Mittag-Leffler Functions, Related Topics and Applications by Rudolf Gorenflo,Anatoly A. Kilbas,Francesco Mainardi,Sergei V. Rogosin Pdf
As a result of researchers’ and scientists’ increasing interest in pure as well as applied mathematics in non-conventional models, particularly those using fractional calculus, Mittag-Leffler functions have recently caught the interest of the scientific community. Focusing on the theory of the Mittag-Leffler functions, the present volume offers a self-contained, comprehensive treatment, ranging from rather elementary matters to the latest research results. In addition to the theory the authors devote some sections of the work to the applications, treating various situations and processes in viscoelasticity, physics, hydrodynamics, diffusion and wave phenomena, as well as stochastics. In particular the Mittag-Leffler functions allow us to describe phenomena in processes that progress or decay too slowly to be represented by classical functions like the exponential function and its successors. The book is intended for a broad audience, comprising graduate students, university instructors and scientists in the field of pure and applied mathematics, as well as researchers in applied sciences like mathematical physics, theoretical chemistry, bio-mathematics, theory of control and several other related areas.

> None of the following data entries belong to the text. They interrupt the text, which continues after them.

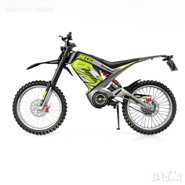 Висококачествено електрическо офроуд колело HEZZO D7 – с мощен средно разположен мотор и голяма батерия. Подходящо за планинско каране, офроуд и дълги маршрути. Разполага със сертификат COC – възможност за регистрация като L3E (мотопед).
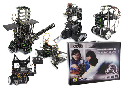 Robo Kit #5 The Roborobo Robot kit helps children understand robot technology based on the useful and various assembly components such as CPU board, contact sensor board, infrared sensor, DC motor & servo motor, and remote control etc. In addition, it is not hard to assemble/disassemble at any time because it has a safe circuit module(welding is unnecessary). They can learn how to assemble & disassemble every kinds of robot, how to control the robot by their self- initiated programming skill. In the whole process of assembling & disassembling and programming activity, they can strengthen the spatial perception, develop the brain power and easily access to programming skill.
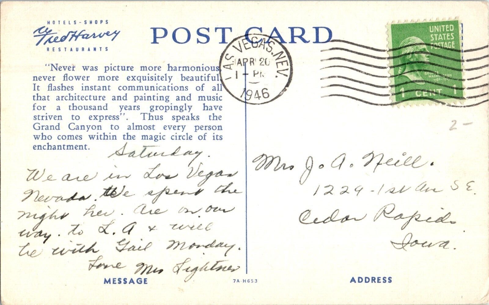 Hermit Rim Road Grand Canyon National Park Arizona Postcard Posted 1946
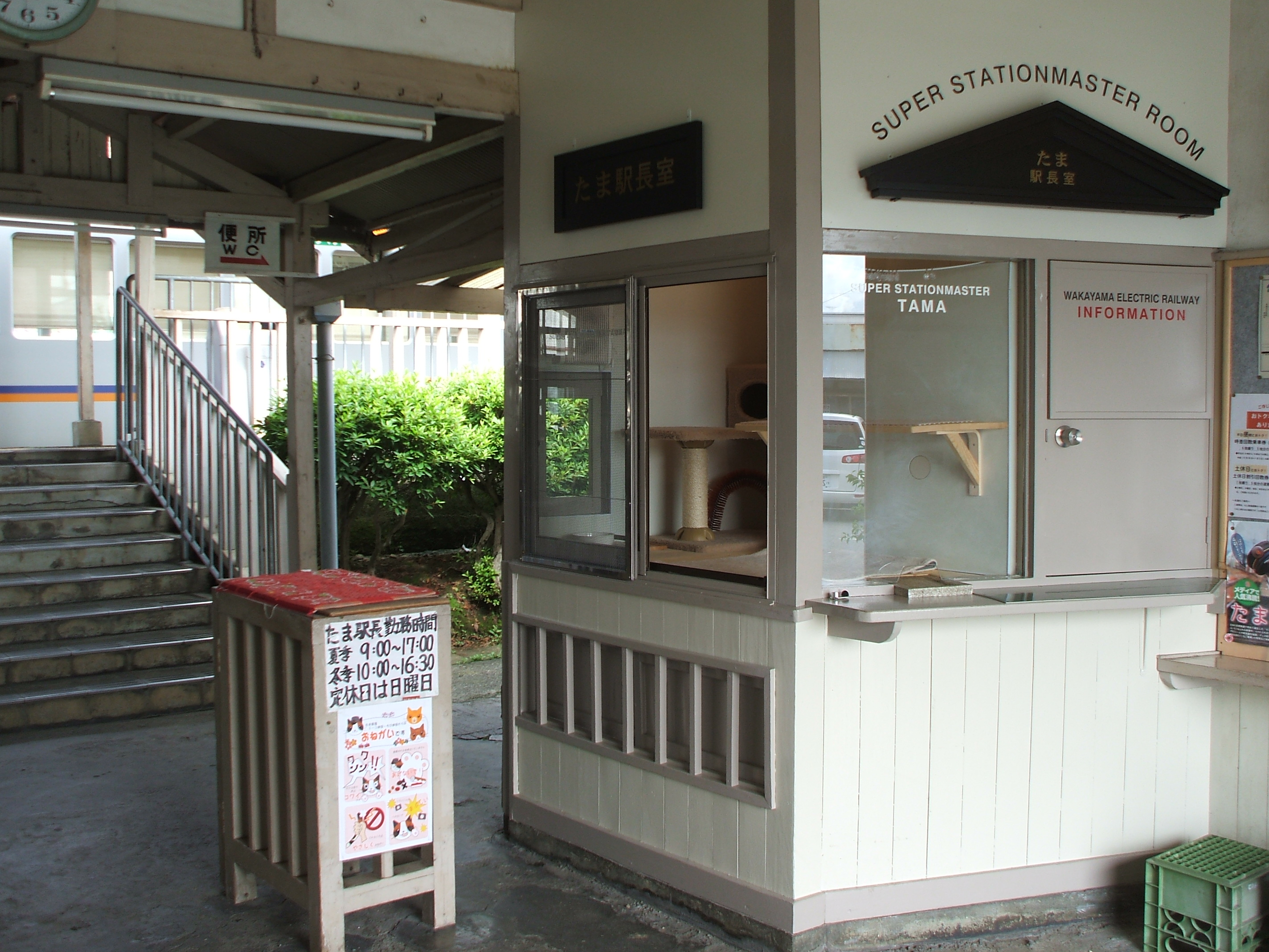 이 경영 이관에 따라, 노선과 역의 부지는 난카이의 사유지에서 키시가와정 (현재의 기노카와시)의 공유지가 되었고, 창고는 철거하여 자전거 주차장으로, 창고와 역사의 사이는 승강장으로 가는 공도로 정비되게 되어, 거기에 놓여 있던 타마 일행의 고양이 집은 철거를 요구받게 되었다。곤란해진 주인이 2006년 4월 1일에 와카야마 전철의 개업 기념식을 마친 후의 코지마 미츠노부 사장 (료비 그룹 대표와 겸무)에게 "고양이들을 역 안에 살게 해줄 수 없을까"라고 상담했다. 코지마는 집에서 오랫동안 기슈견을 기르고 있어서 고양이보다는 오히려 개를 좋아했지만, 이때 "타마와 눈이 마주친 순간, 반짝 하고 타마의 역장 모습이 머리에 떠올랐습니다"[31]"정말로 훌륭하고, 반짝였습니다. 지금의 일본인에게도 없는 눈이라고", "신이 보낸 철도의 구세주"[32]라고, 타마에게 반한 코지마의 발안으로, "마네키네코"가 되어 주기를 바라며, 그 이전부터 역 이용자들에게 친숙했던 타마 일행을 역장 등으로 임명하게 되었다[33]。이는 와카야마 전철 이관 후에 합리화를 위해 키시역을 무인역으로 한 것도 배경에 있다. 고양이에게 역장을 촉탁으로 임명한 예는 일본의 민영 철도에서는 처음이다[34]。
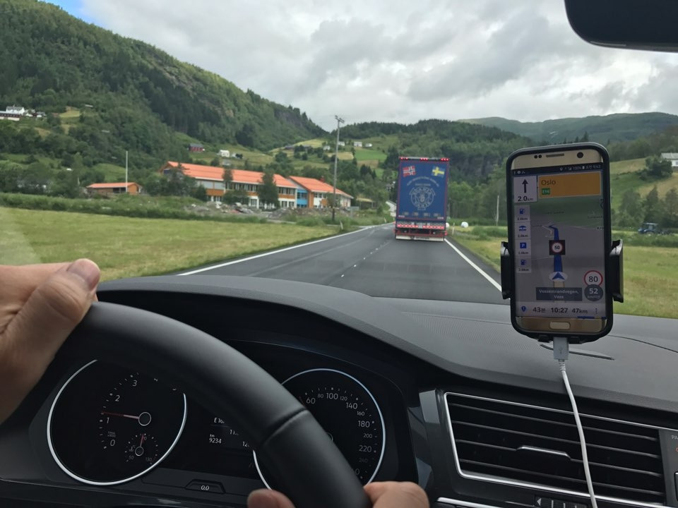 나는 운전하며 마실 요량으로 1.5 리터짜리 생수 이즈브레(Isbre)를 네 개들이 묶음으로 하나 샀다. 신용카드는 잘만 들었다. 역시 아까는 통신이 말썽 부린 모양이었다. 차를 출발시켰다. 아내와 아들은 까무룩 잠에 떨어졌다. 얼마나 달렸을까. 베르겐에 거의 다 왔는데 "부르륵" 하고 휴대폰이 흔들렸다. 휴대폰 화면 상단에 한 줄 문장이 오른쪽에서 왼쪽으로 흘렀다. 휴대폰을 구글 네비로 쓰느라 운전석 앞 유리에 거치대를 붙이고 올려놔서 문자가 들어와 '북북' 대면 신경이 쓰였다. 대리운전 광고나 바다 이야기 스팸은 아니었다. 마침 연료 게이지도 바닥에 가까워 눈에 보이는 에쏘(ESSO) 주유소에 차를 댔다. 문자는 뢸달스테라센에서 보낸 거였다.
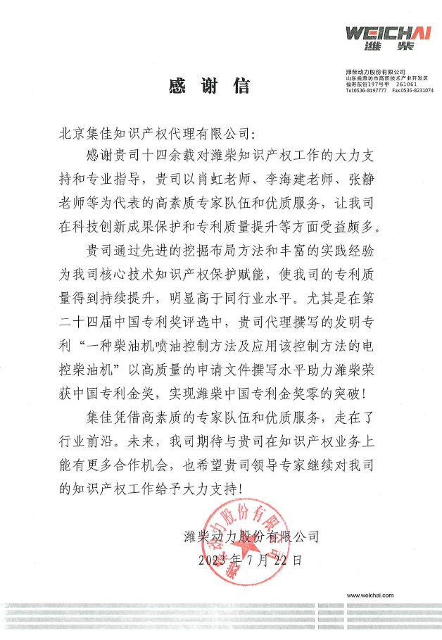 濰柴動力在感謝信中表示,集佳十四余年來對濰柴知識產(chǎn)權(quán)工作的大力支持和專業(yè)指導(dǎo),尤其是集佳肖虹、李海建、張靜等高素質(zhì)專家隊伍的優(yōu)質(zhì)服務(wù),讓濰柴動力在科技創(chuàng)新成果保護和專利質(zhì)量提升等方面受益頗多,特別是集佳以高質(zhì)量的申請文件撰寫水平,助力濰柴發(fā)明專利獲得中國專利金獎,使濰柴實現(xiàn)了中國專利金獎零的突破,期待雙方未來在知識產(chǎn)權(quán)業(yè)務(wù)上開展更多合作!
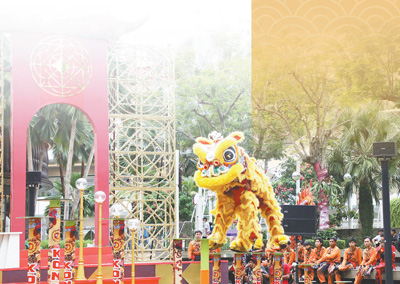 2月3日,在印尼雅加达翠贝卡广场上,人们举行舞狮表演喜迎新春。

Algorithmic Probability and Combinatorics by Manuel Lladser Pdf
This volume contains the proceedings of the AMS Special Sessions on Algorithmic Probability and Combinatories held at DePaul University on October 5-6, 2007 and at the University of British Columbia on October 4-5, 2008. This volume collects cutting-edge research and expository on algorithmic probability and combinatories. It includes contributions by well-established experts and younger researchers who use generating functions, algebraic and probabilistic methods as well as asymptotic analysis on a daily basis. Walks in the quarter-plane and random walks (quantum, rotor and self-avoiding), permutation tableaux, and random permutations are considered. In addition, articles in the volume present a variety of saddle-point and geometric methods for the asymptotic analysis of the coefficients of single-and multivariable generating functions associated with combinatorial objects and discrete random structures. The volume should appeal to pure and applied mathematicians, as well as mathematical physicists; in particular, anyone interested in computational aspects of probability, combinatories and enumeration. Furthermore, the expository or partly expository papers included in this volume should serve as an entry point to this literature not only to experts in other areas, but also to graduate students.